Change the latch elements from level triggered to edge triggered or pseudoedge triggered latches such as latches using two-phase, nonoverlapping clocks.
Resynthesize the system to balance to the critical path delay of different combinational clusters.
Reduce the clock skew.

Clock skew can also cause other types of circuit malfunction if it is not attended properly. In dynamic logic, severe clock skew may result in different functional blocks being in different stages of precharging

or evaluating. Severe clock skew eats away a significant amount of precious cycle time in VLSI systems. Therefore, reducing clock skew is an important problem in high-speed circuit design.

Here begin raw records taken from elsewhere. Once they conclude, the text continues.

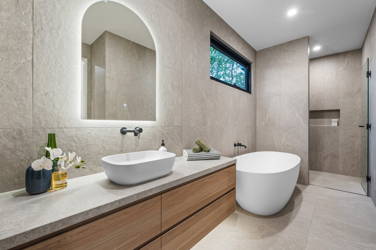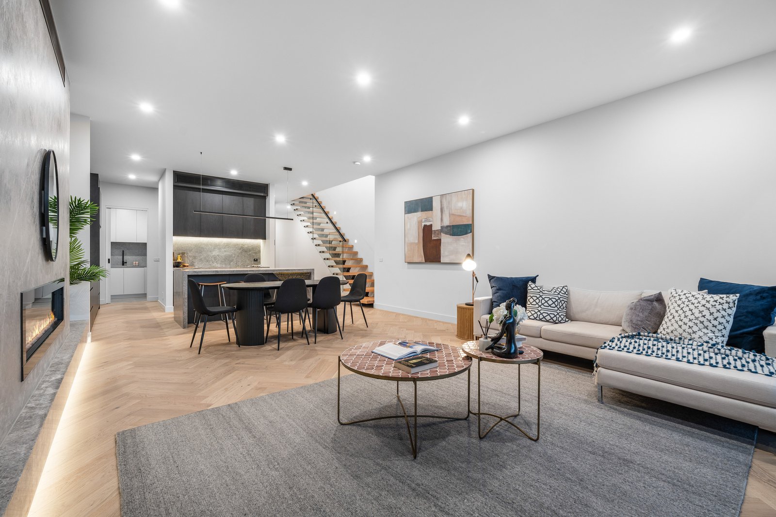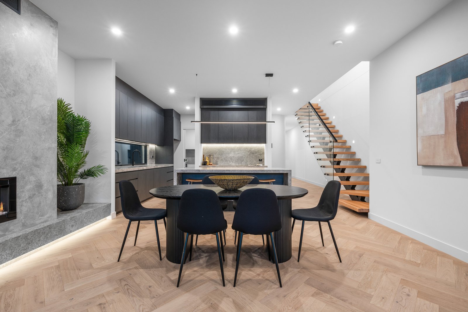 Making bold design statements at every turn from the stone-wrapped bench and integrated appliances (including 900mm induction cooktop) of the prestige Bosch kitchen, to the sculptural open-tread stair linking the levels, the home goes beyond fashion with finishes to last a lifetime including a hand-painted marble-finish feature wall to match the benchtops, and luxe floor-to-ceiling tiled bathrooms with concealed-cistern WCs, floating vanities and an egg-bath.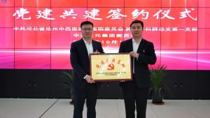 10月12日下午,大元集团党建共建第100家单位签约仪式圆满完成。本次共建由大元六建与河北省沧州中西医结合医院开展“党建互联共建”。 河北省沧州中西医结合医院副院长、肿瘤学科群总支书记刘杰,第一支部书记袁香坤,组织委员刘非,纪检委员苗珺珺,党小组组长史立中、张萌、张振山、田丹丹一行到场参会,大元集团党委副书记于宙,大元集团总部党支部书记、党群文化中心总监王金英,大元六建党支部书记杨海明,综合部部长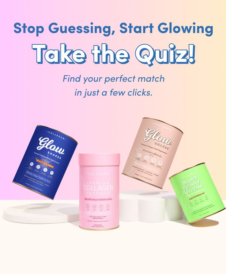 The quiz guides you through a few tailored questions to understand your beauty or wellness goals—like improving skin hydration, boosting hair growth, or supporting overall health—and recommends the most suitable collagen product options based on your responses.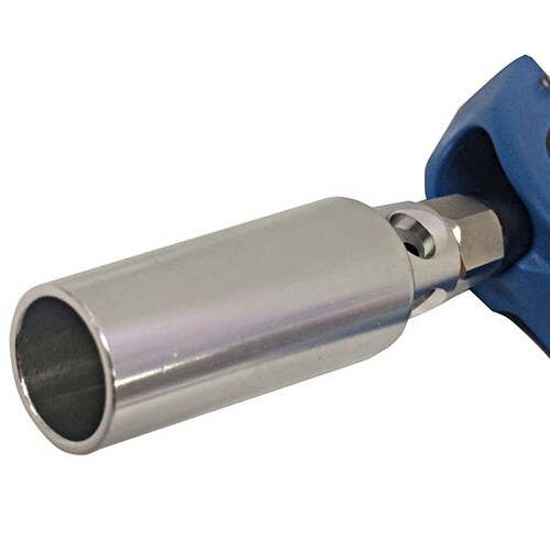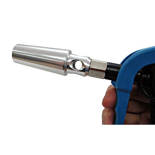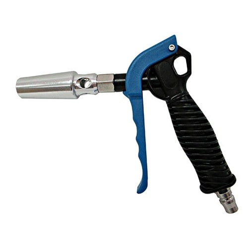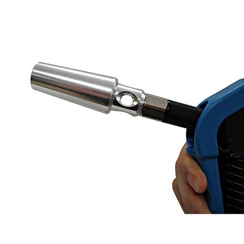 周囲の空気を巻き込む大流量ノズルで、広範囲の吹き付け作業に向いてます。軽くて丈夫なプラダスターです。しっかり握れるレバーです。 |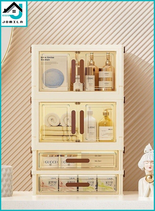 JOMILA Foldable Large Capacity Storage Box with 2 Drawer and 2 Door for Perfume and Skincare Storage Box, Large Capacity with Drawers, Transparent Drawer Cabinet, Suitable for Vanity and Bathroom Countertop, Cosmetic Storage Box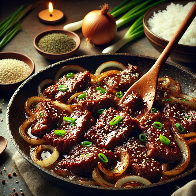 - 조리: 중불로 예열한 팬에 기름을 살짝 두르고 양파부터 볶아줍니다. 양파가 투명해지면 양념한 고기와 대파를 넣고 볶습니다.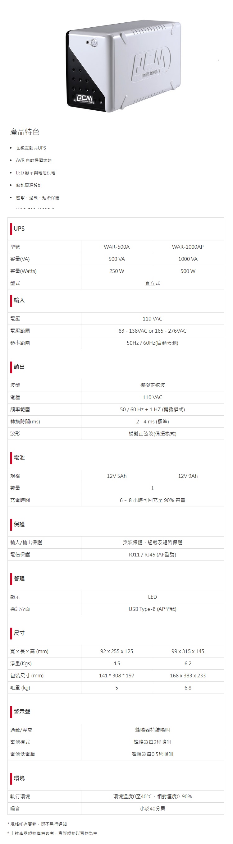 63C11004 科風 UPS WAR-500A 在線互動式不斷電系統 數量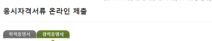 전 경력 증명서를 제출해야 하기 때문에 탭 메뉴를 경력증명 서로 선택하고 내용을 확인해보니...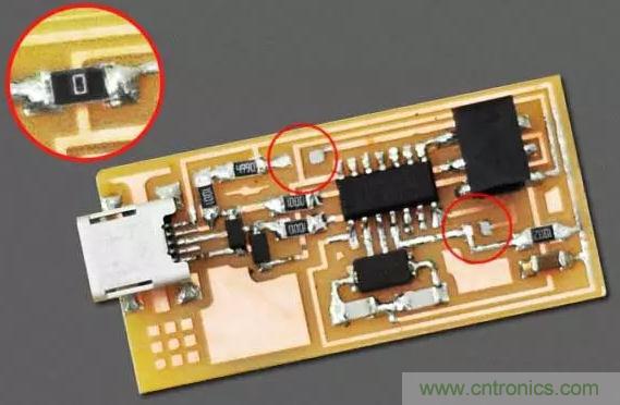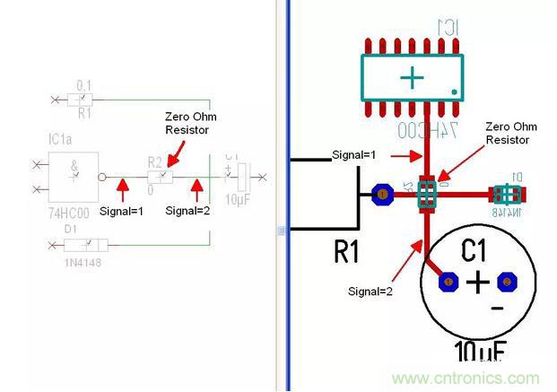 如(ru)果(guo)老(lao)板(ban)出(chu)於(yu)成(cheng)本(ben)考(kao)慮(lv),讓(rang)你(ni)設(she)計(ji)一(yi)個(ge)單(dan)麵(mian)板(ban),也(ye)就(jiu)是(shi)說(shuo)你(ni)的(de)元(yuan)器(qi)件(jian)的(de)安(an)裝(zhuang)以(yi)及(ji)走(zou)線(xian)都(dou)隻(zhi)能(neng)在(zai)一(yi)麵(mian),你(ni)最(zui)頭(tou)疼(teng)的(de)是(shi)有(you)些(xie)線(xian)實(shi)在(zai)走(zou)不(bu)過(guo)去(qu),必(bi)須(xu)跨(kua)線(xian)連(lian)接(jie),打(da)倆(liang)孔(kong)用(yong)跳線?如ru果guo在zai研yan發fa的de時shi候hou還hai可ke以yi,但dan有you一yi天tian你ni的de設she計ji變bian成cheng了le產chan品pin需xu要yao大da批pi量liang生sheng產chan了le,機ji器qi折zhe騰teng起qi跳tiao線xian來lai要yao比bi放fang置zhi一yi個ge電dian阻zu麻ma煩fan的de多duo了le,這zhe時shi候hou0Ω的電阻就幫你大忙了,根據你的空間,你可以選用0805、0603或0402的電阻。
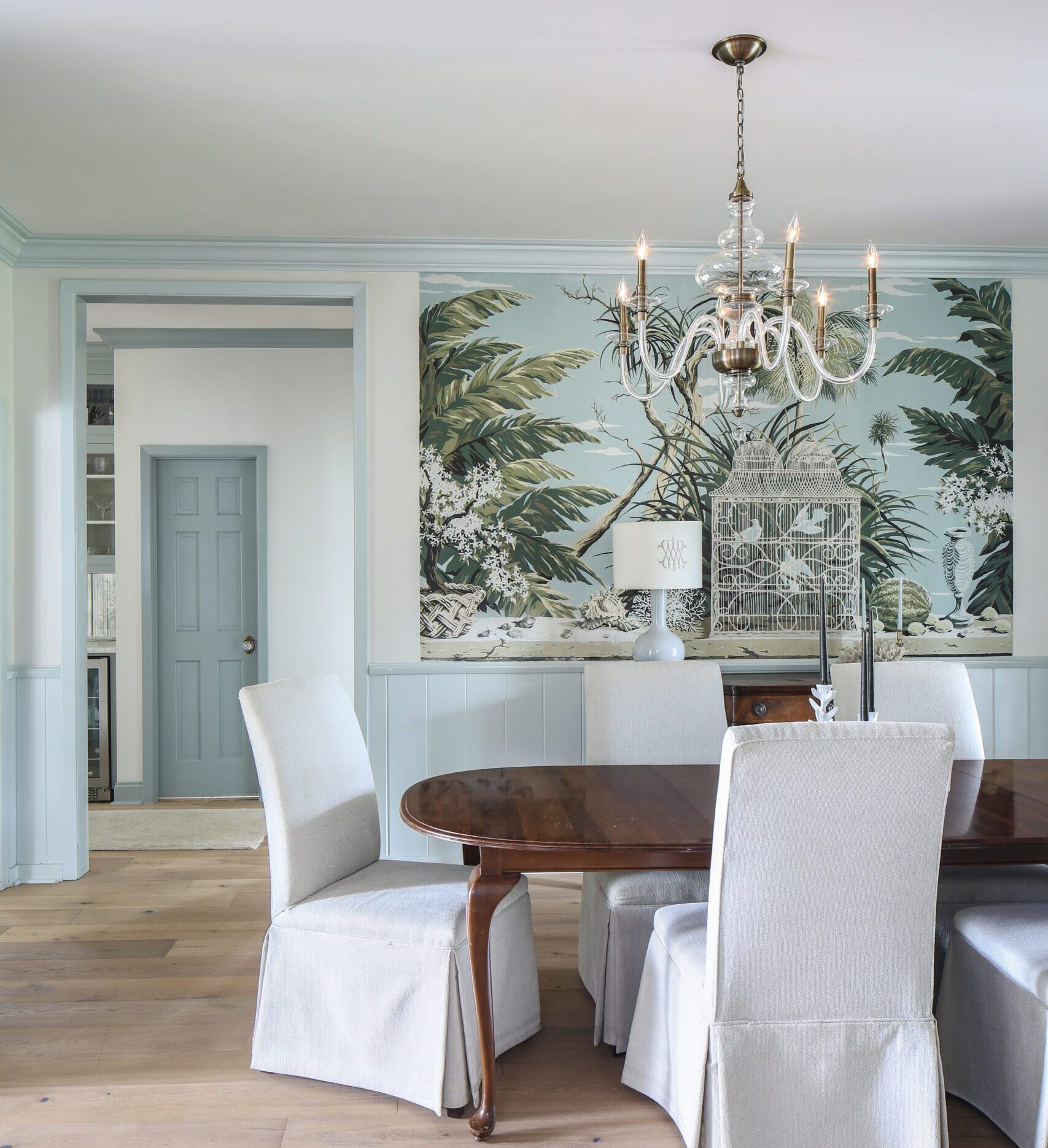And then there was the dining room wall with that eye-catching mural. “I’ve always been drawn to that Chinoiserie style,” Heather says. “I loved that mural, and I was dead set on keeping it.”

As discussed earlier, clock skew is mainly caused by the imbalance of the clock distribution network. Such an imbalance can be the result of distance differences from the nearest clock driver, different functional blocks driven by different clock drivers with different driving strengths, temperature difference on the same die, device characteristic differences on the same die due to process variation, etc. Two general approaches are often taken to minimize the clock skew. The first approach deals with the way the clock signal is distributed. The geometric shape of the clock distribution network is a very important attribute. Depending on the type of system operation, several popular distribution network topologies are illustrated in Fig. 5.4. Among these topologies, H-tree presents least amount of clock skew and, therefore, is widely used in high-performance systems.

The second approach deals with employing additional on-chip circuits to force the clock signals of two different functional blocks to be aligned, or to force the on-chip clock signal to be aligned with the global clock signal at the system level. The widely used circuits for this purpose include phase-locked loop (PLL) and delay-locked loop (DLL). Figure 5.5 shows a simple phase-locked loop. A simple PLL consists of four components: a digital phase detector, a charge pump, a low-pass filter, and a voltage controlled oscillator (VCO). The phase detector accepts reference clock, CLK ref, and a skewed clock, CLK out, and compares the phase difference of the two clocks to charge or discharge the charge pump. The low-pass filter is used to convert the phase difference between the reference frequency and the skewed frequency to a voltage level. This voltage is then fed into the VCO to reduce the difference of the reference and skewed clocks until they are locked to each other.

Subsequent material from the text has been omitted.